### Problem
Reproduce the lines below exactly, from the one containing "Exterior Detail View" through the one containing "247 ROASTED & SALTE MACADAMIA NUTS 1 Lb. $", both included. Leave out any pictures.
____ Input material
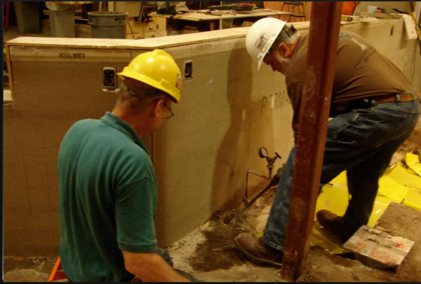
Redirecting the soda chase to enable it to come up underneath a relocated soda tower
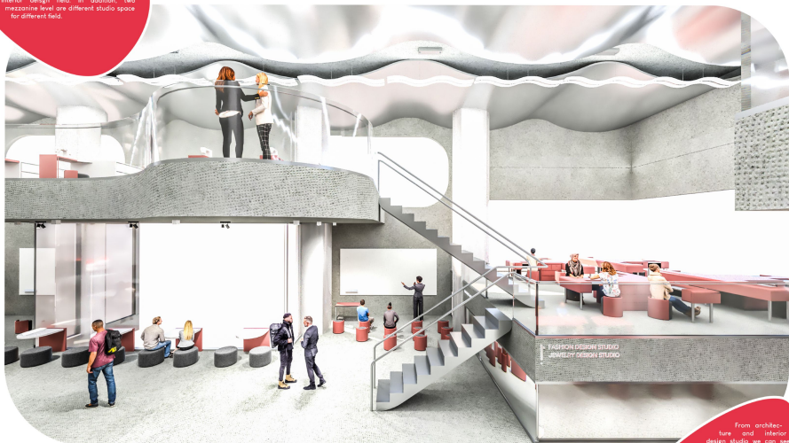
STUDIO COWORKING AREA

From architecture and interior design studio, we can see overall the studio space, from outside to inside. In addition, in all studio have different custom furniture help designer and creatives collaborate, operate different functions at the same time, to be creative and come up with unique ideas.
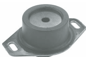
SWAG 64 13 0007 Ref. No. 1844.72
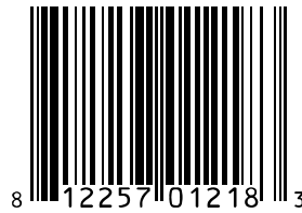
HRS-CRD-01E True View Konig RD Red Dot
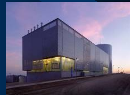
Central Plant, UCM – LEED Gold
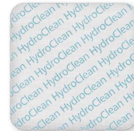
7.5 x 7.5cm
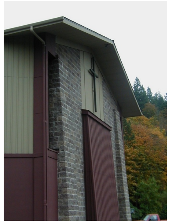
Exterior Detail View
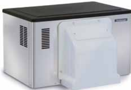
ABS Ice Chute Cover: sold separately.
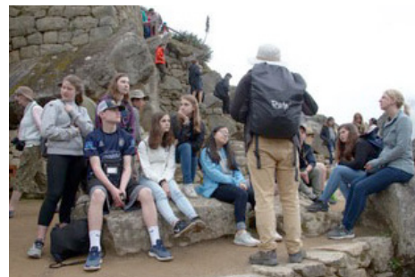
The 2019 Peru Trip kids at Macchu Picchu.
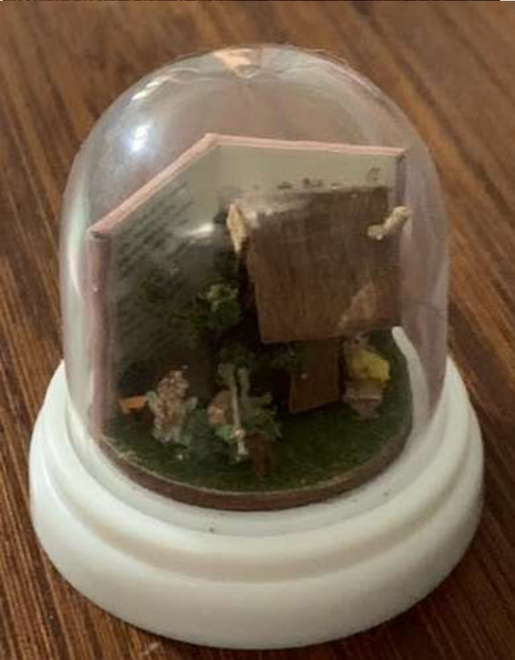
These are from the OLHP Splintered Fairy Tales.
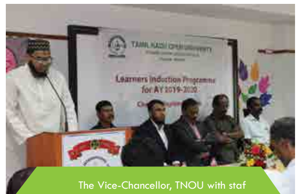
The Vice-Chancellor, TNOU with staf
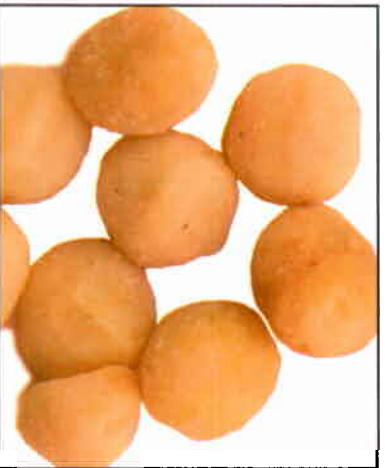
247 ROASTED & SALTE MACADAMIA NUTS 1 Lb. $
________
____ Input material
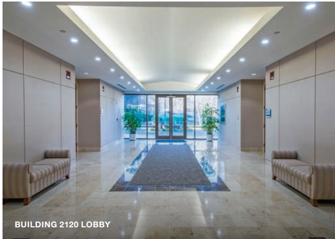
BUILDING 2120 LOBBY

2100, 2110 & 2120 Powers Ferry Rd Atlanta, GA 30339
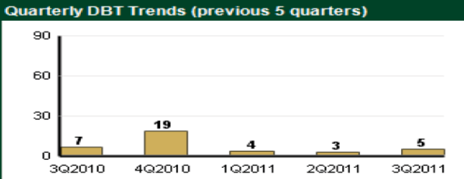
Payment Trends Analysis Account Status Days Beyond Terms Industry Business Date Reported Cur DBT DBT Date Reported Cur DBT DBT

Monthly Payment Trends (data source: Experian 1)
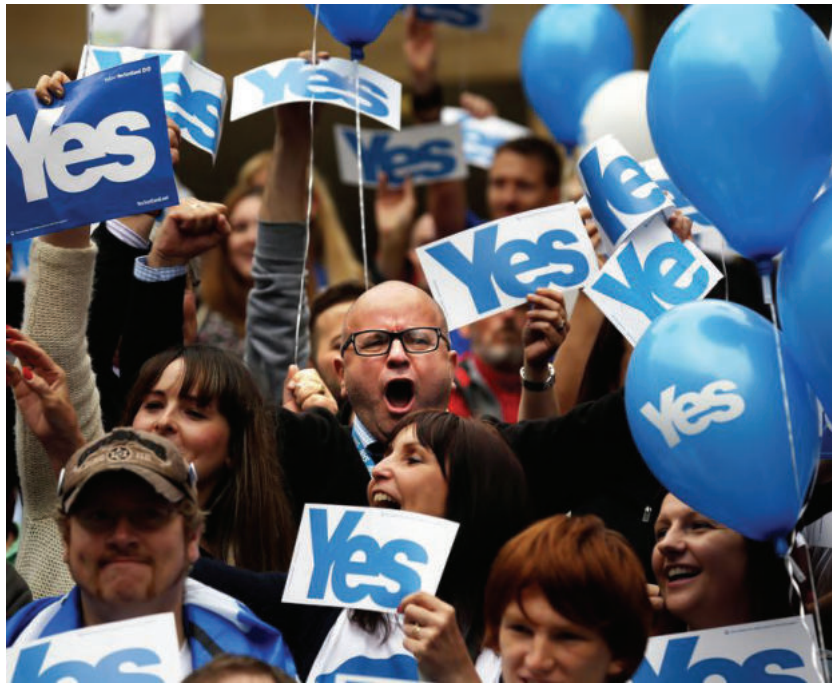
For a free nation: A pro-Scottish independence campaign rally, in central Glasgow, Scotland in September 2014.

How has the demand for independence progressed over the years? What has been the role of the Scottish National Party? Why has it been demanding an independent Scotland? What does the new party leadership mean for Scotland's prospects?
________
____ Input material
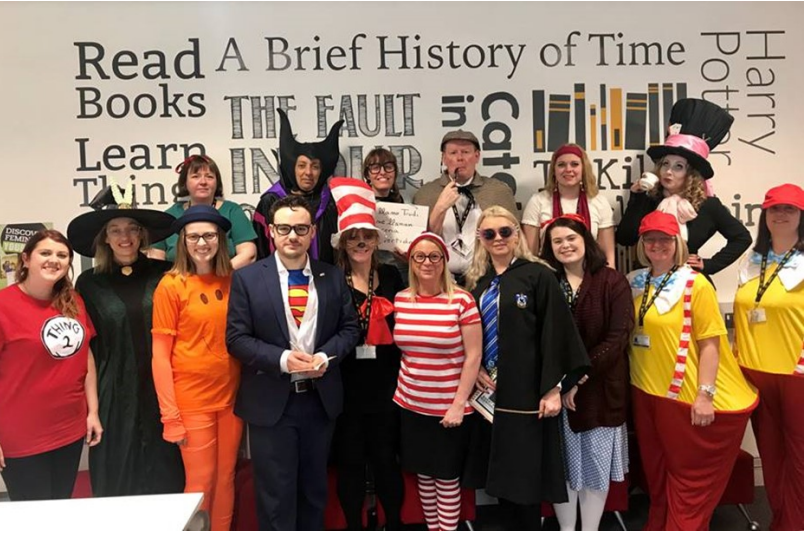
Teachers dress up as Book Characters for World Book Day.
________
### Response to this exercise
Exterior Detail View
ABS Ice Chute Cover: sold separately.
The 2019 Peru Trip kids at Macchu Picchu.
These are from the OLHP Splintered Fairy Tales.
The Vice-Chancellor, TNOU with staf
247 ROASTED & SALTE MACADAMIA NUTS 1 Lb. $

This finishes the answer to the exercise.